§ What you have to do:
For this exercise, retype the lines from the one that holds "Po pokalbio jis" through the one that holds "Notifications regarding Patient" in the records below, both included, exactly and without pictures.

§ Data in this exercise:

________________

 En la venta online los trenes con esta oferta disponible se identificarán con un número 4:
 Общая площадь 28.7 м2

________________

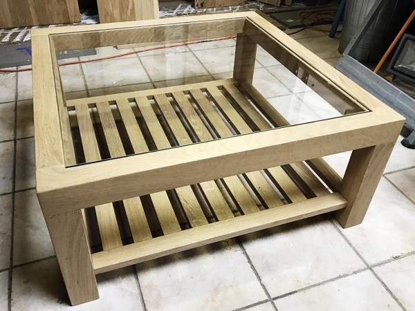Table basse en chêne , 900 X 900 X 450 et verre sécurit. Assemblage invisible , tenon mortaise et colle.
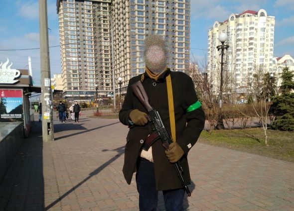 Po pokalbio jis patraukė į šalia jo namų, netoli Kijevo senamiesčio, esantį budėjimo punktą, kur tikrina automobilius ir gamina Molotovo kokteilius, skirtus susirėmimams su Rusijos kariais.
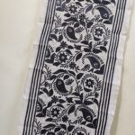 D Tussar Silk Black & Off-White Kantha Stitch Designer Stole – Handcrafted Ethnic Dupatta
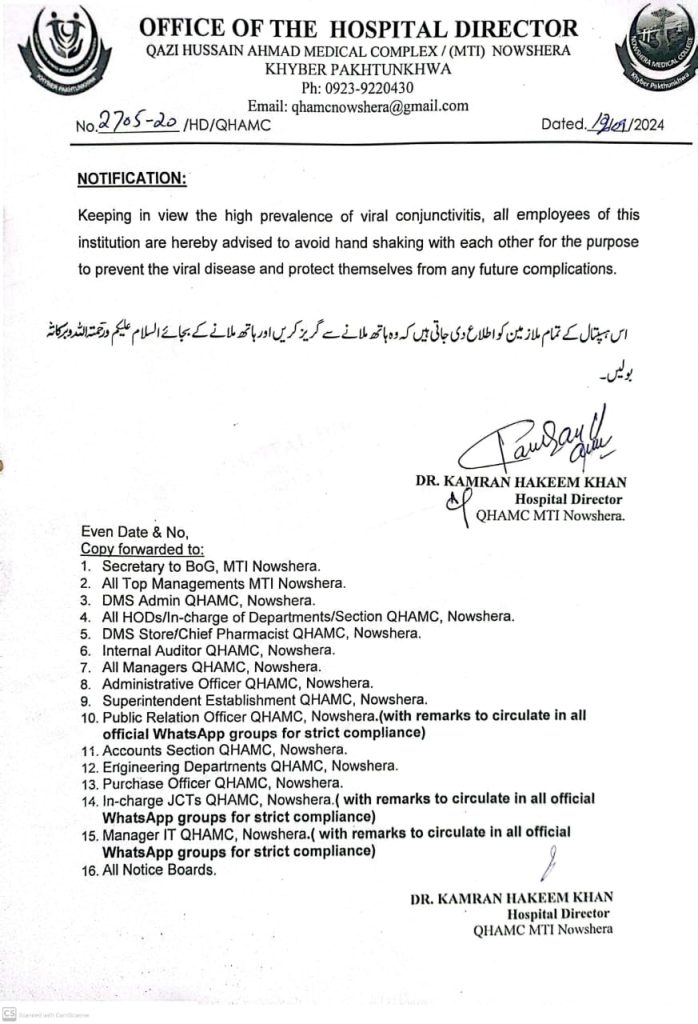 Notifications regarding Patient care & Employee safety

________________

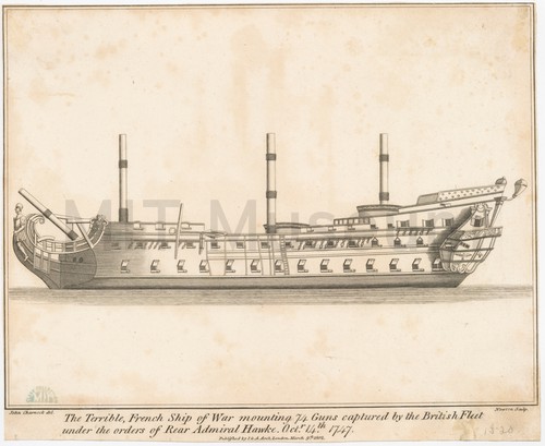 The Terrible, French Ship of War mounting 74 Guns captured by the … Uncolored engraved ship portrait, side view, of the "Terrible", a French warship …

________________

§ Answer area:
 Po pokalbio jis patraukė į šalia jo namų, netoli Kijevo senamiesčio, esantį budėjimo punktą, kur tikrina automobilius ir gamina Molotovo kokteilius, skirtus susirėmimams su Rusijos kariais.
 D Tussar Silk Black & Off-White Kantha Stitch Designer Stole – Handcrafted Ethnic Dupatta
 Notifications regarding Patient care & Employee safety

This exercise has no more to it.